Joshua Kerievsky posted an insightful experience report yesterday. In it, he talks about an eLearning product his company (Industrial Logic) tried to introduce, which turned out to be a commercial failure. The analysis he draws from this failure is a valuable set of lessons:

  • communicate product development needs and sufficient design requirements (essentially, the “good enough” criteria) early to minimize craftsmanship friction
  • more content does not necessarily mean more product acceptance or commercial success
  • instead, go for less content and better engagement with the audience

The key lesson there is to fail quickly. In Josh’s words, “Above all, RTPI taught me to move quickly, to fail faster and learn faster, rather than guessing and moving slowly.” It is also another argument in favor of the notion of good practices in context (as opposed to best practices) as he describes how his team changes their development style based on the context – experimenting or productizing. This resonates with me and my team.
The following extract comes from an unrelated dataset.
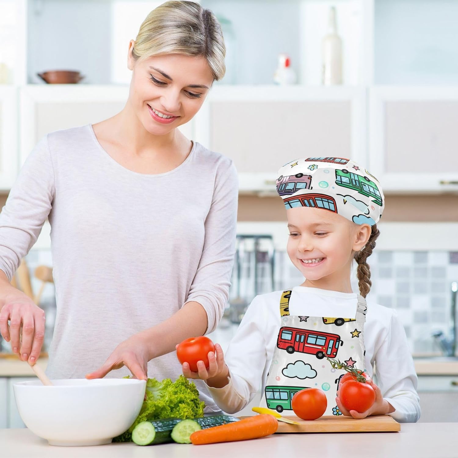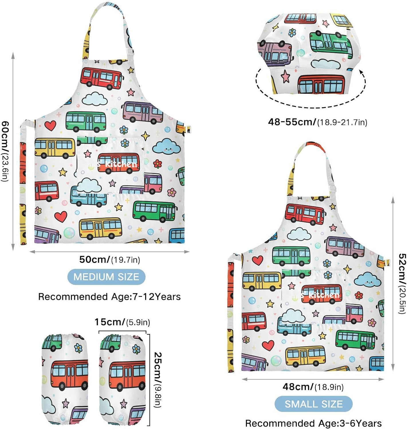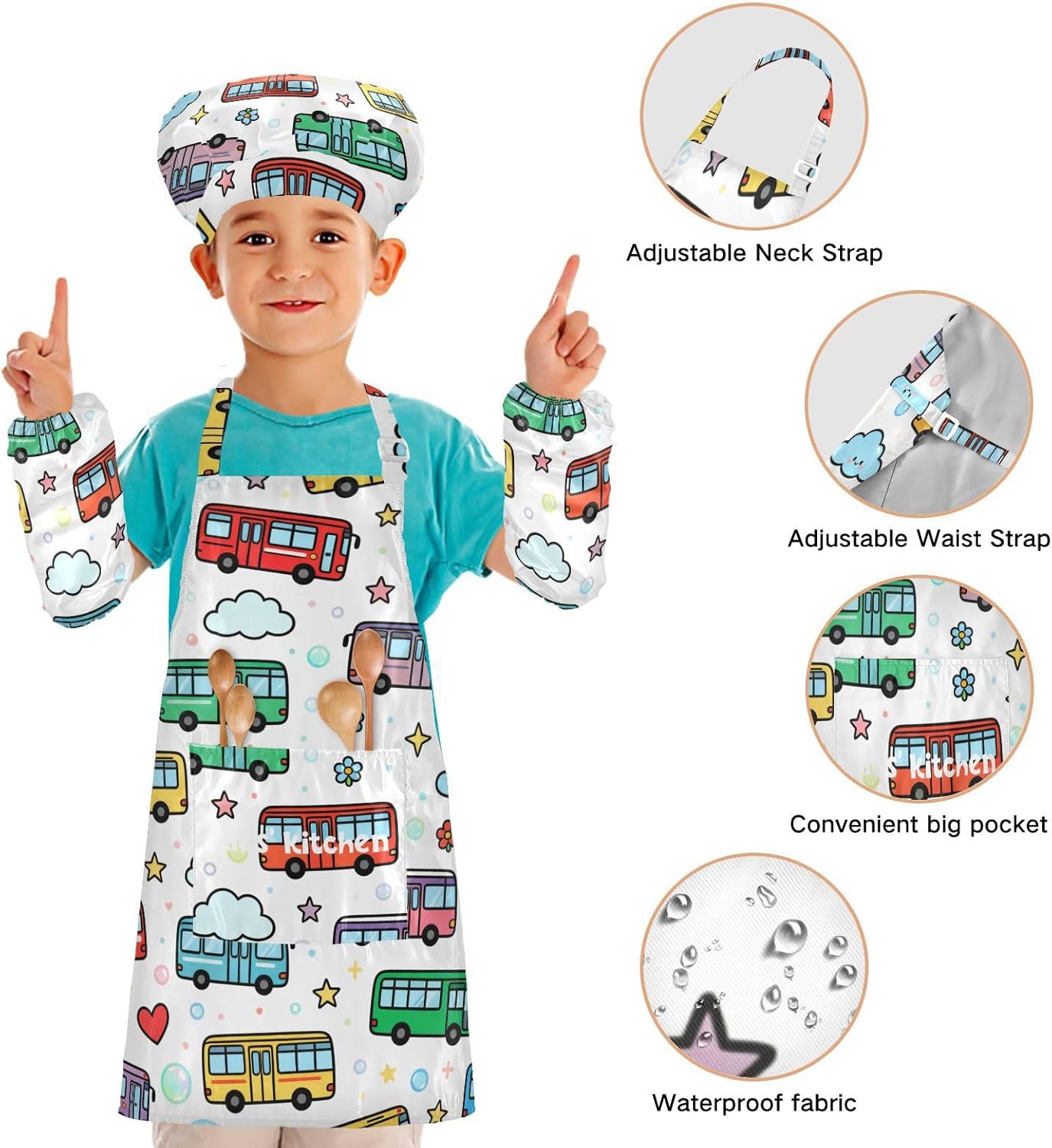 Dimensioni e articolo inclusi: M: 19,7 x 23,5 L per bambini dai 7 ai 12 anni. Il costume da chef per bambini include 1 grembiule leggero, 1 cappello da chef e 2 maniche. Il costume da chef per bambini da 3 pezzi può dare ai bambini una buona esperienza di utilizzo per cucinare o dipingere come cucine o pittori professionisti. Materiale ecologico: il tessuto è impermeabile, leggero, accogliente, stampa adorabile alla moda, ecologico per la pelle dei bambini. Protezione delle maniche con una grande tasca: due maniche possono proteggere i bambini da acqua, olio e pigmenti. Con grandi tasche decorative e funzionali, è comodo mettere alcuni strumenti quando si utilizza, adatto per imparare a cucinare, fare caramelle, dolci, ecc. Multiuso: il costume da chef per bambini non può essere indossato per pittura, cucina, giardinaggio, lavaggio dei piatti, feste, arte, artigianato e attività scolastiche, ma anche per Natale, Ringraziamento, Halloween, San Patrizio, Capodanno, festa dei bambini, festival, vacanze, cene, compleanni e riunioni di famiglia. Contenuto della confezione: un grembiule impermeabile, un cappello da chef e due maniche. L'adorabile set di grembiuli per bambini può incoraggiarli a sviluppare le loro abilità di cucina, pittura, cottura, giardinaggio o altre abilità.

The development style and the quality bar are more relaxed when we are experimenting (spiking) vs when we are productizing. In addition, our early and frequent community  preview releases are examples of moving fast and if necessary failing fast. To take this up several notches, Flickr is doing even more frequent drops - 10+ deploys per day.

One a separate note, I believe just like software engineering researchers need to publish more empirical studies that show results with negative effects or no effects at all, we need more reports from the field like this one, that not only showcase great wins, but also share stories of failure that we all can collectively learn from.